Then go to Exchange tab, Cruise Exchange subsection.  Repeat with same selection (selecting your 2017 unbanked week for exchange).  See how much difference in booking cost between the 2.  Also note you'll have to pay a "cruise exchange" fee that you need to factor in; and cancellation may be more of an issue for cruise exchange.

Then you'll have a better sense of whether it is worth exchanging your week.

II usually has fairly competitive prices for booking cruises for cash directly through them.


----------



## lily28 (Feb 7, 2016)

What is the cruise exchange fee? I check the price of a cruise I might be interested in at costco and II.  II gives me $665 for 2 people while costco gives me $1444 for 2 plus $40 on board credit.  Maintenance fee $600 for my week. So I think it is about a wash except I don't have to deal with renting out my week. But if the price of the cruise goes down, I won't be able to take advantage of it in II


----------



## dioxide45 (Feb 7, 2016)

lily28 said:


> What is the cruise exchange fee? I check the price of a cruise I might be interested in at costco and II.  II gives me $665 for 2 people while costco gives me $1444 for 2 plus $40 on board credit.  Maintenance fee $600 for my week. So I think it is about a wash except I don't have to deal with renting out my week. But if the price of the cruise goes down, I won't be able to take advantage of it in II



The cruise exchange fee is the same as a week exchange, $189 by phone and $179 online.
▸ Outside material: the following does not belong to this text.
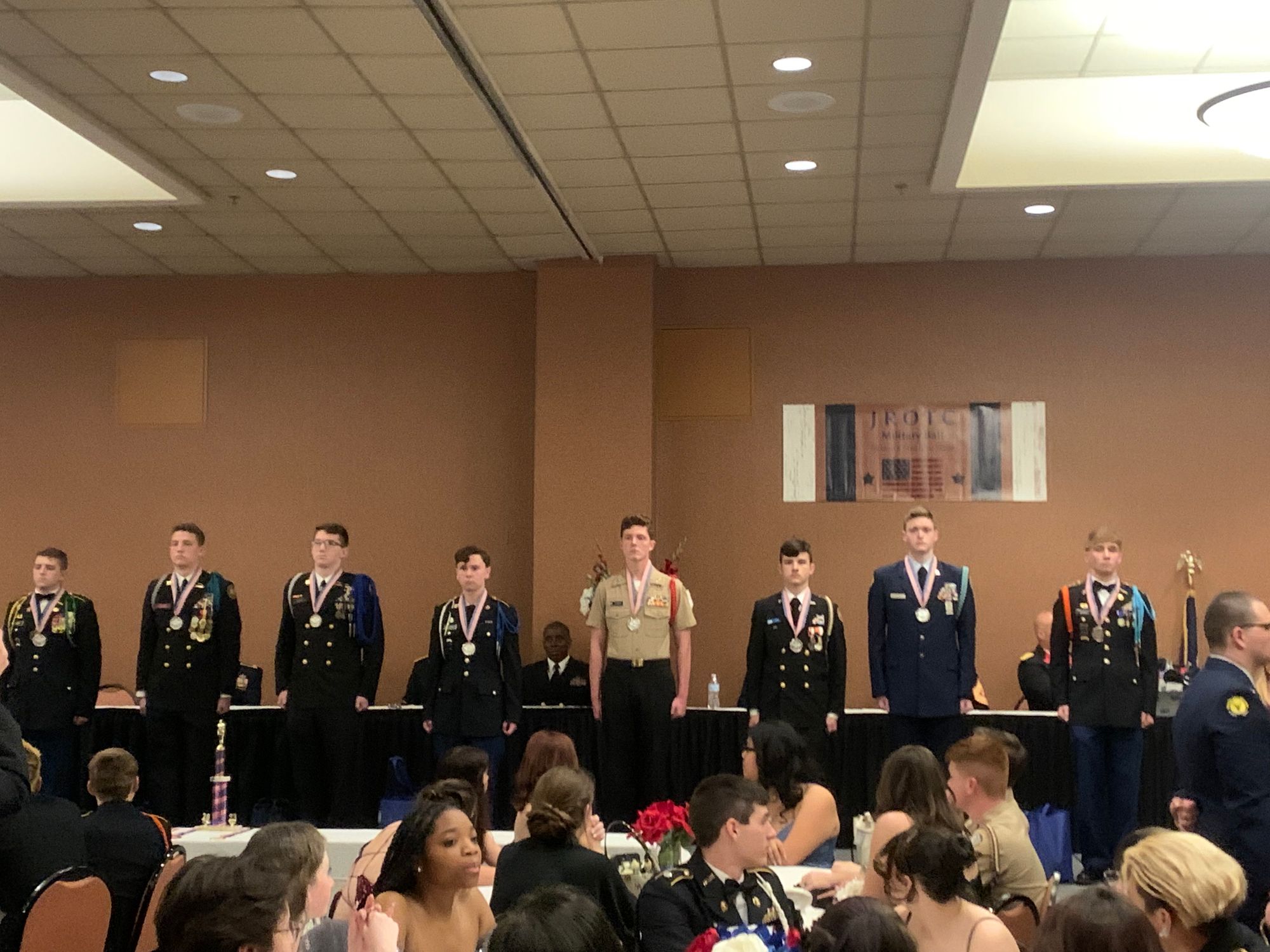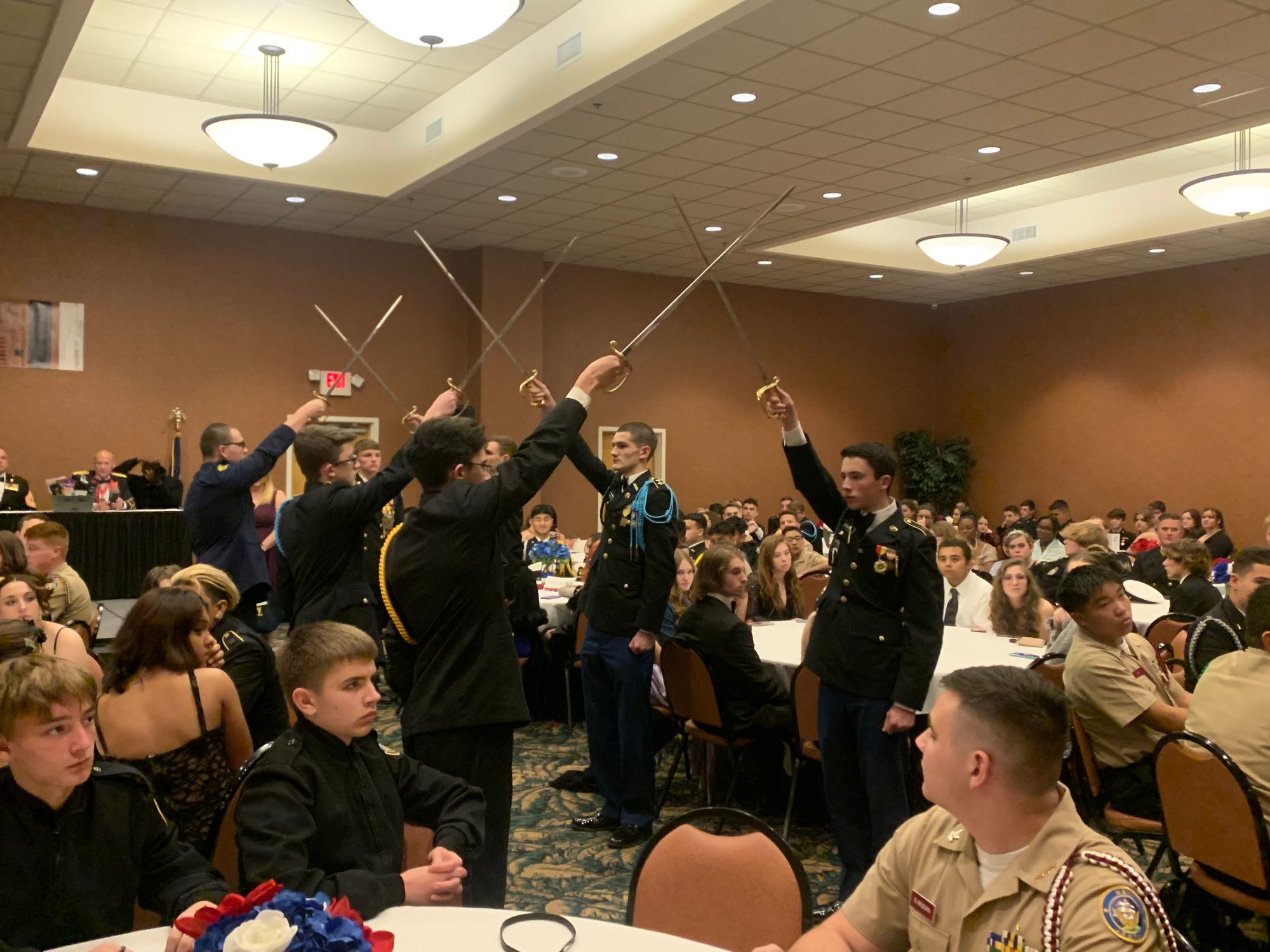 After the formal portion of the ball concluded cadets were released from their tables to get food and talk with other cadets or instructors. Later in the night, the cadets were released downstairs to dance, chat with friends and new people, and more. The military ball was a great event that many cadets enjoyed. We cannot wait until next year's annual military ball!
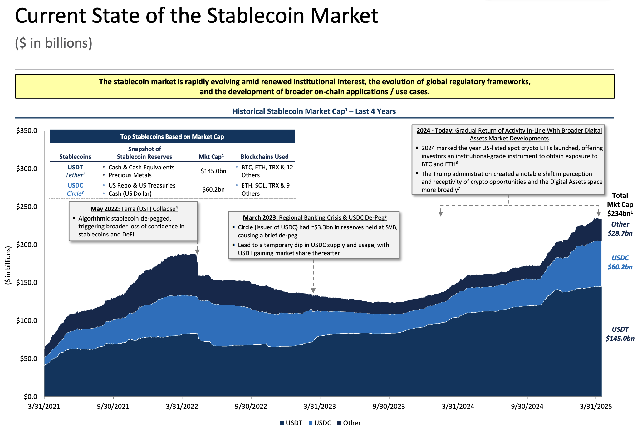 Actualmente, las stablecoins vinculadas al dólar dominan el mercado, representando más del 99% de la capitalización de mercado. Tether (USDT) es el líder, con una capitalización de 145 mil millones de dólares. USDC (USDC) de Circle ocupa el segundo lugar con una capitalización de mercado de 60 mil millones de dólares.

I am not sure how price drops work with cruise exchanges. Though, with a cruise exchange, II is really just giving you credit to spend toward a cruise that you book through their Interval Travel. I have never had a problem getting adjustments for price drops for cruises booked through them.


----------



## lily28 (Feb 8, 2016)

So with Interval cruise exchange, I can get lower price when cruise 
Price drops? Is the cruise changeable or cancellable?  I am looking at a cruise in 1/2017 and who know what can change in 11 months


----------



## dominidude (Feb 9, 2016)

lily28 said:


> So with Interval cruise exchange, I can get lower price when cruise
> Price drops? Is the cruise changeable or cancellable?  I am looking at a cruise in 1/2017 and who know what can change in 11 months



You should call and ask those questions. 800-622-1540, I'd love to know myself.


----------



## ladycody (Mar 1, 2016)

Throwing in my 2 cents.  I agree that in _most_ instances a cruise exchange is a poor trade...but I do have another take on it...through RCI though...not II.  

I knew I had more time sitting in RCI than I'd be able to use...so inquired about a cruise exchange (which is really just a discount).  I compared with discount sites as well as the cruise-line and my exchange....using time that would have gone to waste...discounted the cruise by close to $800 and that was with insurance and factoring in my exchange fee.  Having said that...the less expensive the cruise, the smaller the discount...this was for the Mediterranean in a midship balcony cabin.  For a lesser cruise I wouldn't have even gotten the mf out of the exchange.

The value is always better when our time is used at a resort...at least it is for me...but given that the time had already been deposited, isn't rentable, and wasn't going to get used.  I'm content.


----------